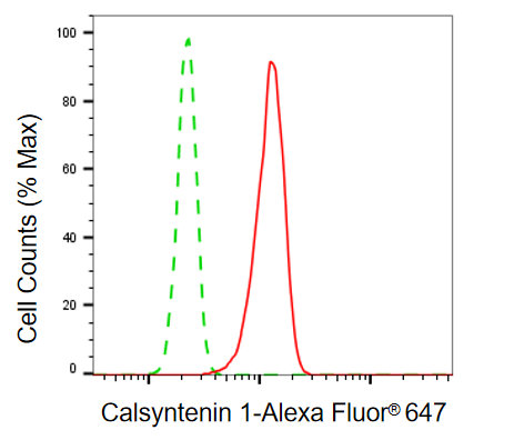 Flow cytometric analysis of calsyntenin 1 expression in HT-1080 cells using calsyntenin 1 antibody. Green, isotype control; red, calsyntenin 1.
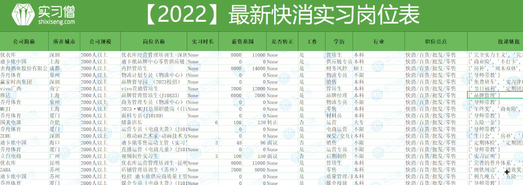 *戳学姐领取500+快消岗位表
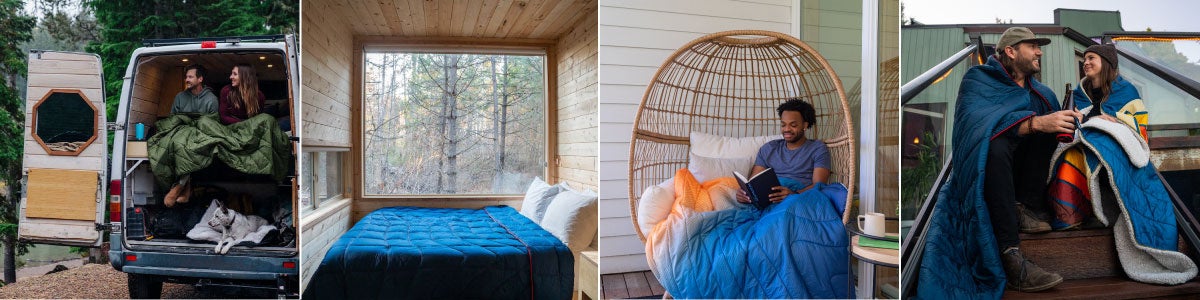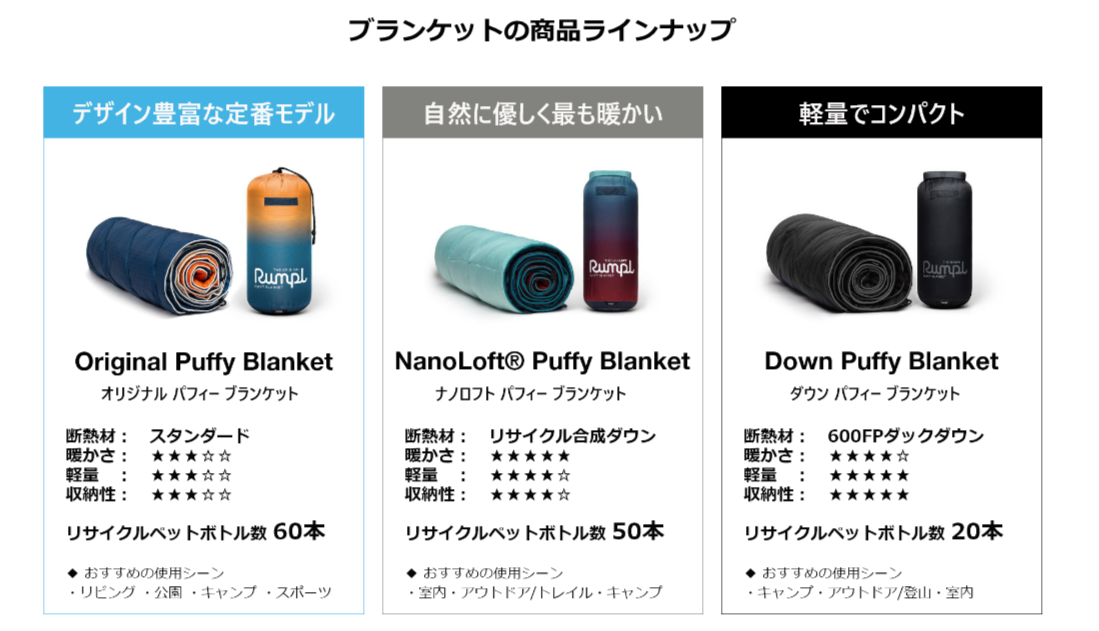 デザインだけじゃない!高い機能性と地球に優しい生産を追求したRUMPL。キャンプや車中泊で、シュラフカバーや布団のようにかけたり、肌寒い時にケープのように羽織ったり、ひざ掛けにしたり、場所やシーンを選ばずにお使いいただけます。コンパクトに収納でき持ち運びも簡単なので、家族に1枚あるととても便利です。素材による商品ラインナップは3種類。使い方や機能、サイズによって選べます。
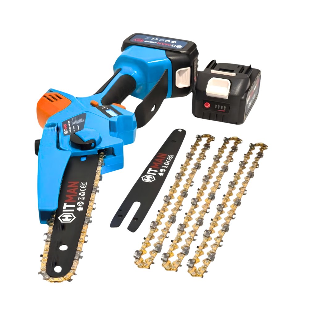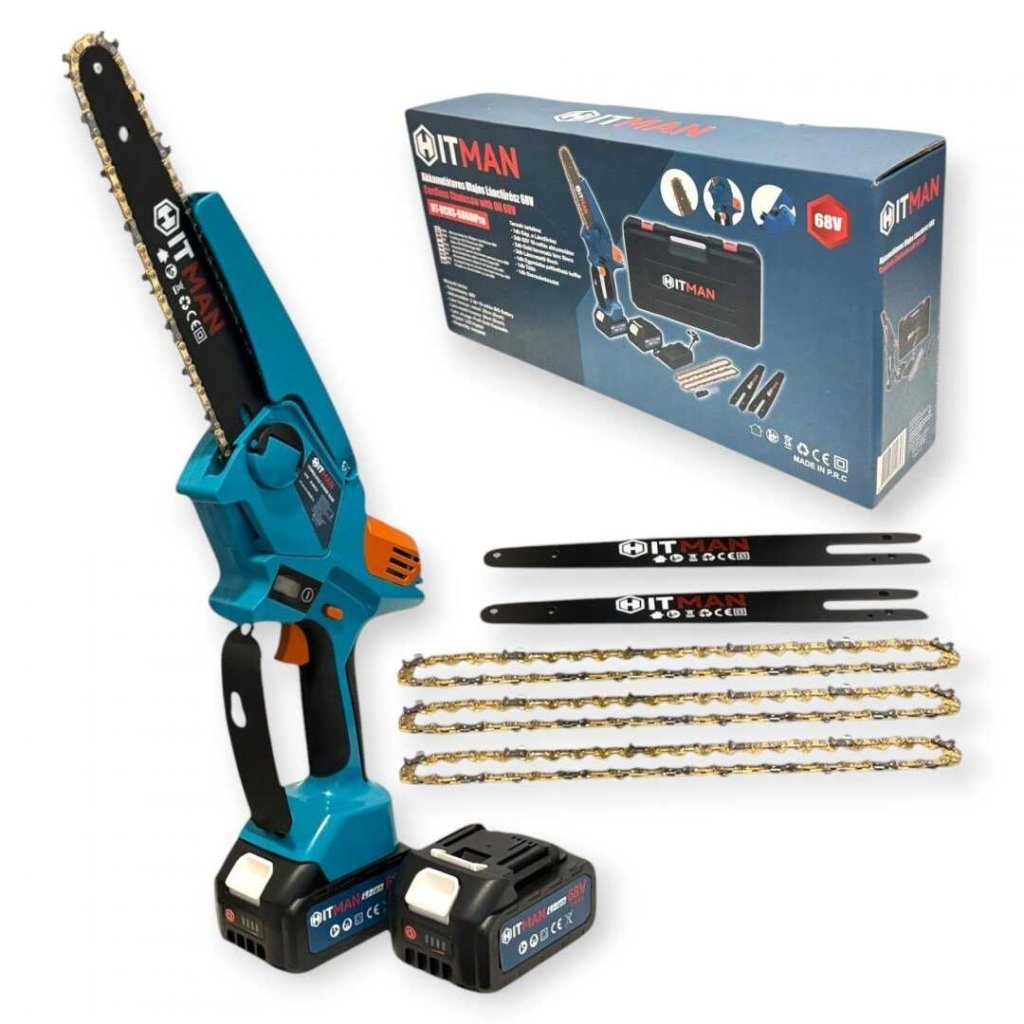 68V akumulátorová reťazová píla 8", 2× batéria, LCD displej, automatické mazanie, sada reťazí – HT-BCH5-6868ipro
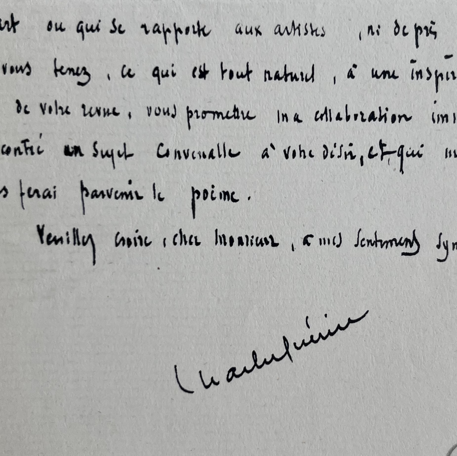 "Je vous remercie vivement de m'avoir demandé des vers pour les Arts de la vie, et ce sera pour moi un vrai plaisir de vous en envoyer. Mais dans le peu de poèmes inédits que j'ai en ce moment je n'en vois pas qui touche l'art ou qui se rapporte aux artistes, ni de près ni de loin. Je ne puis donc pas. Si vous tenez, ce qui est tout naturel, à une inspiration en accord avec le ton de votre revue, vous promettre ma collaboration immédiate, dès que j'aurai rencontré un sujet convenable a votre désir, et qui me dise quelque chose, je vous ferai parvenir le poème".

===============

** WHAT YOU SHOULD DO **
Could you write out exactly the lines of the data above that run from the one holding "デザインだけじゃない!高い機" to the one holding "68V akumulátorová reťazová", with both ends in and all pictures out?

** ANSWER TO THE PROBLEM **
 デザインだけじゃない!高い機能性と地球に優しい生産を追求したRUMPL。キャンプや車中泊で、シュラフカバーや布団のようにかけたり、肌寒い時にケープのように羽織ったり、ひざ掛けにしたり、場所やシーンを選ばずにお使いいただけます。コンパクトに収納でき持ち運びも簡単なので、家族に1枚あるととても便利です。素材による商品ラインナップは3種類。使い方や機能、サイズによって選べます。
 68V akumulátorová reťazová píla 8", 2× batéria, LCD displej, automatické mazanie, sada reťazí – HT-BCH5-6868ipro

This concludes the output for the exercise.